**REQUIREMENT**
Below are the records; return exactly the lines from the one with "明耀国际110平米现代简约风格三居室装修案例风效果图" through the final line, both included, minus any pictures.

[Stored dataset items]

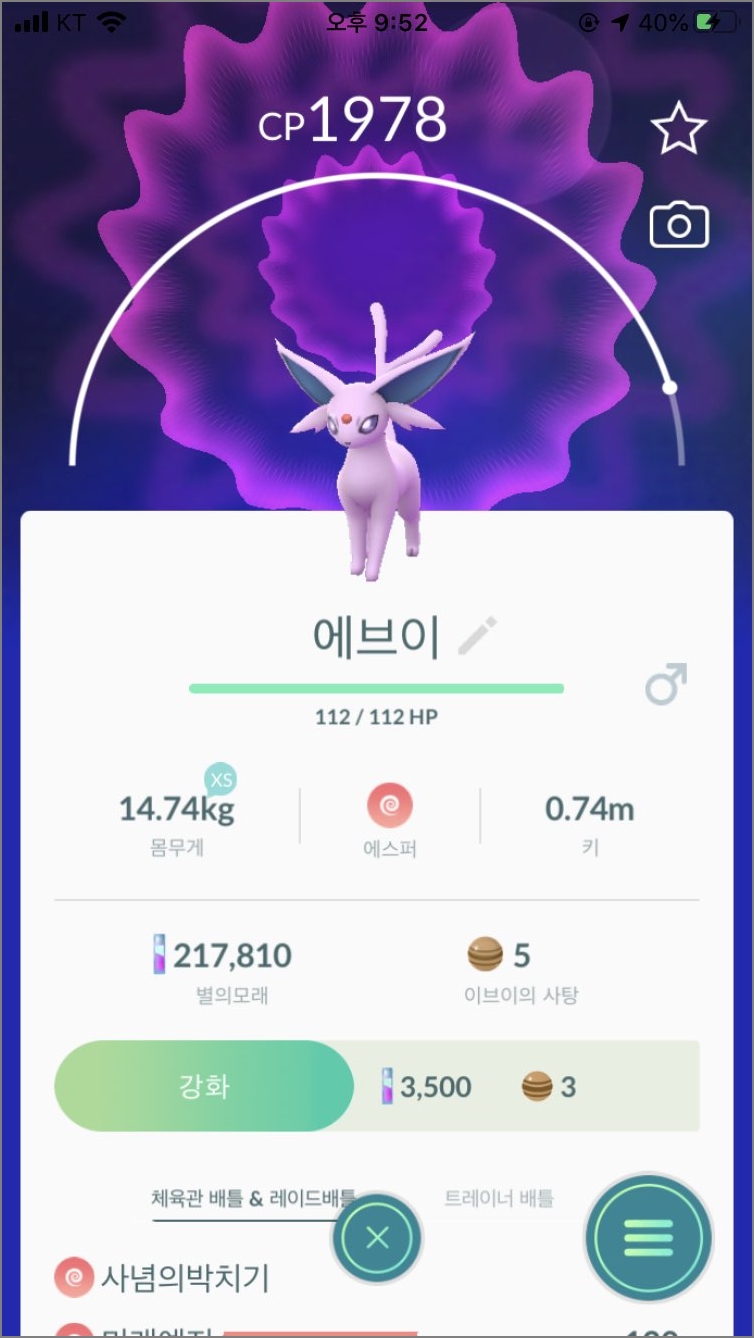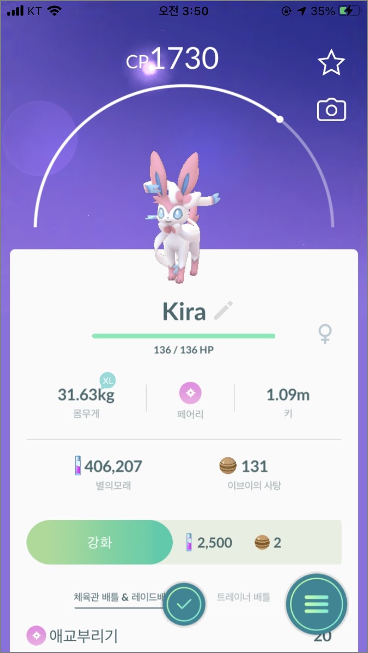 드디어 이브이로 진화 가능한 마지막 포켓몬인 페어리 타입 님피아까지 진화 가능하게 되었습니다.
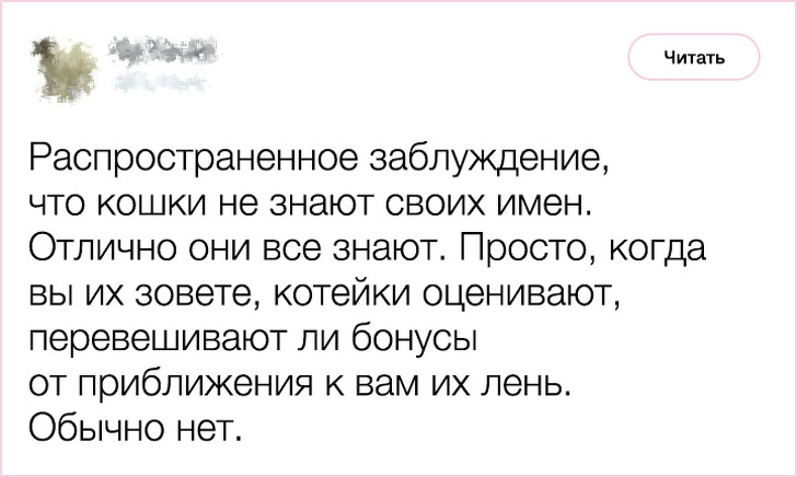- Кішки піддаються вихованню. Проблема в тому, що люди піддаються вихованню значно краще і при рівній наполегливості перемагають кішки.
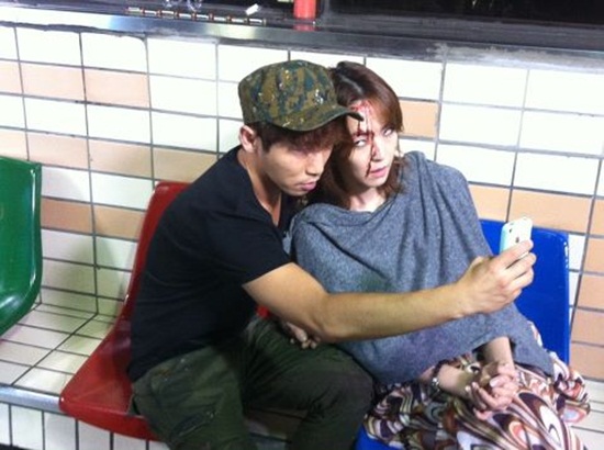 사진 속 김윤아는 머리에 피를 흘리고 있는 귀신 분장을 한 채 눈을 위로 치켜뜨는 엽기적인 표정으로 눈길을 끈다. 그의 옆에 앉아 있는 유세윤은 김윤아와 똑같은 표정을 지으며 셀카 촬영에 여념이 없는 모습이다.
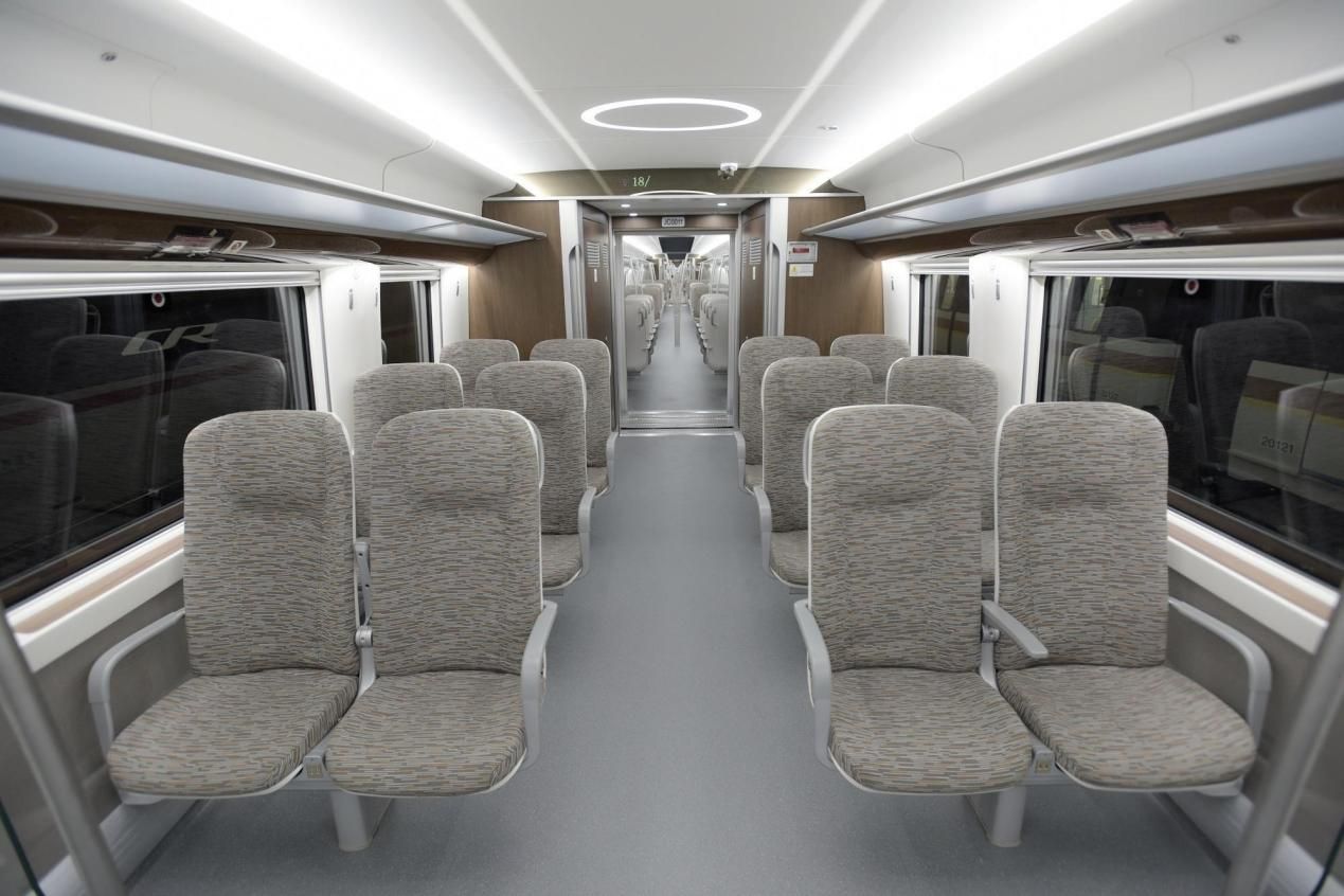 3)高舒适:整车气密性能好,设置压力波动控制系统,可降低车辆隧道运行时车内压力波动,提升旅客的乘坐舒适性;新风量充足,人均新风量可达12m3/人/小时;运行平稳性高,通过系统匹配、悬挂参数优化,获得优良的车辆动力学性能;车内噪声低,客室内噪声(地上)不高于70dB(A),远小于城市轨道交通国标75dB(A)噪声限值要求。
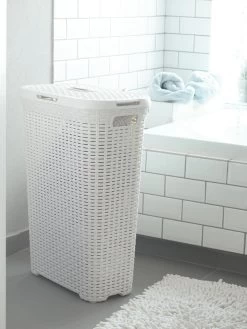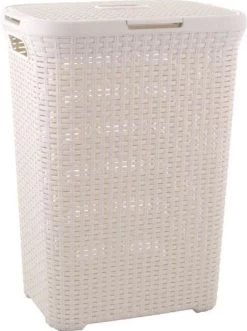 Curver Style Wasbox 40L heeft de look en uitstraling van riet, maar heeft de voordelen van kunststof. Door het vlechtwerk kan de box optimale luchten. Het scharnierpunt van het deksel kan zowel aan de korte als aan de lange kant gemonteerd kan worden, maar het deksel kan er eventueel ook los opgelegd worden. Dankzij zijn speciale greep is het extra gemakkelijk om hem te openen.
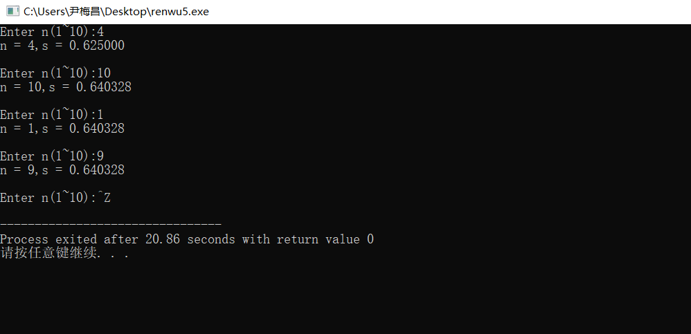 #include<stdio.h> #include<stdlib.h> int main(){ int n,i,p=1; float s=1,l; printf("Enter n(1~10):"); while(scanf("%d",&n)!=EOF){ for(i=2;i<=n;i++){ p=p*i*(-1); l=1.0/p; s=s+l; } printf("n = %d,s = %f",n,s); printf("\n"); printf("\n"); printf("Enter n(1~10):"); } return 0; }
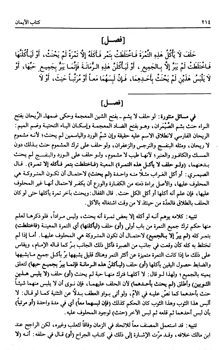 [فَصْلٌ] فِي مَسَائِلَ مَنْثُورَةٍ: لَوْ حَلَفَ لَا يَشَمُّ - بِفَتْحِ الشِّينِ الْمُعْجَمَةِ وَحُكِيَ ضَمُّهَا - الرَّيْحَانَ بِفَتْحِ الرَّاءِ حَنِثَ بِشَمِّ الصَّيْمَرَانِ، وَهُوَ بِفَتْحِ الصَّادِ الْمُعْجَمَةِ وَإِسْكَانِ الْيَاءِ التَّحْتِيَّةِ وَضَمِّ الْمِيمِ: الرَّيْحَانُ الْفَارِسِيِّ لِانْطِلَاقِ الِاسْمِ عَلَيْهِ حَقِيقَةً وَإِنْ شَمَّ الْوَرْدَ وَالْيَاسَمِينَ لَمْ يَحْنَثْ؛ لِأَنَّهُ مَشْمُومٌ لَا رَيْحَانٌ، وَمِثْلُهُ الْبَنَفْسَجُ وَالنَّرْجِسُ وَالزَّعْفَرَانُ، وَلَوْ حَلَفَ عَلَى تَرْكِ الْمَشْمُومِ حَنِثَ بِذَلِكَ دُونَ الْمِسْكِ وَالْكَافُورِ وَالْعَنْبَرِ؛ لِأَنَّهَا طِيبٌ لَا مَشْمُومٌ، وَلَوْ حَلَفَ عَلَى الْوَرْدِ وَالْبَنَفْسَجِ لَمْ يَحْنَثْ بِدُهْنِهِمَا.
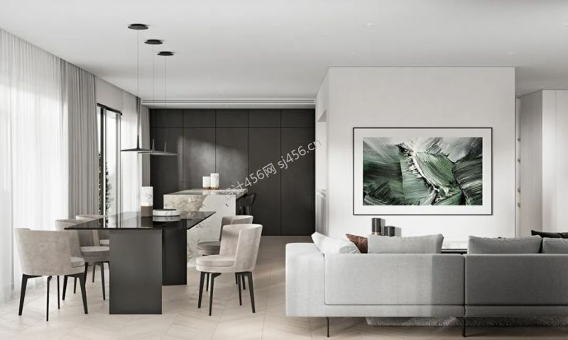 明耀国际110平米现代简约风格三居室装修案例风效果图
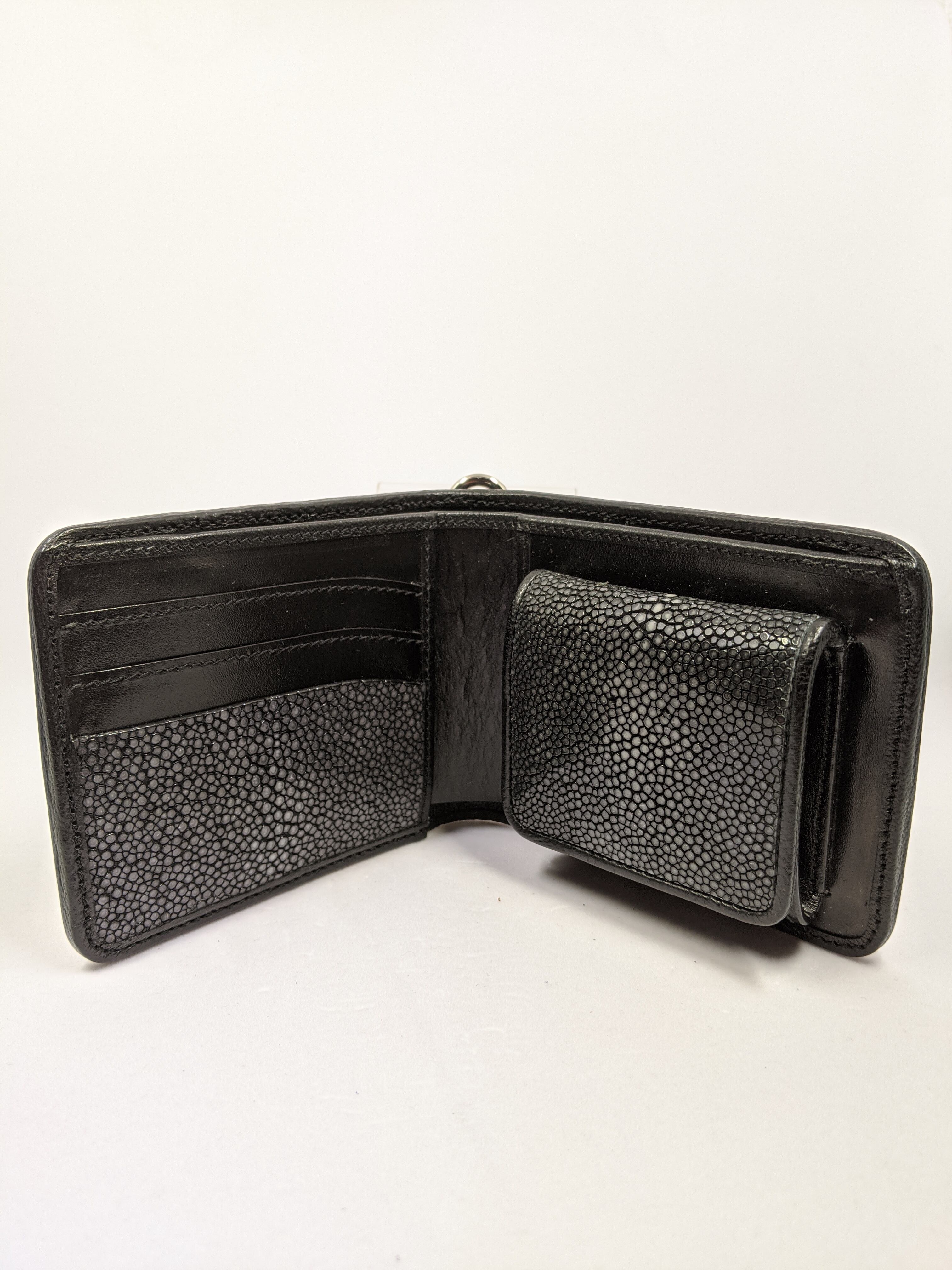 内側にもスティングレイを使用。Dカンがついていますのでウォレットチェーン等も取り付け可能です。

**THE ANSWER**
 明耀国际110平米现代简约风格三居室装修案例风效果图
 内側にもスティングレイを使用。Dカンがついていますのでウォレットチェーン等も取り付け可能です。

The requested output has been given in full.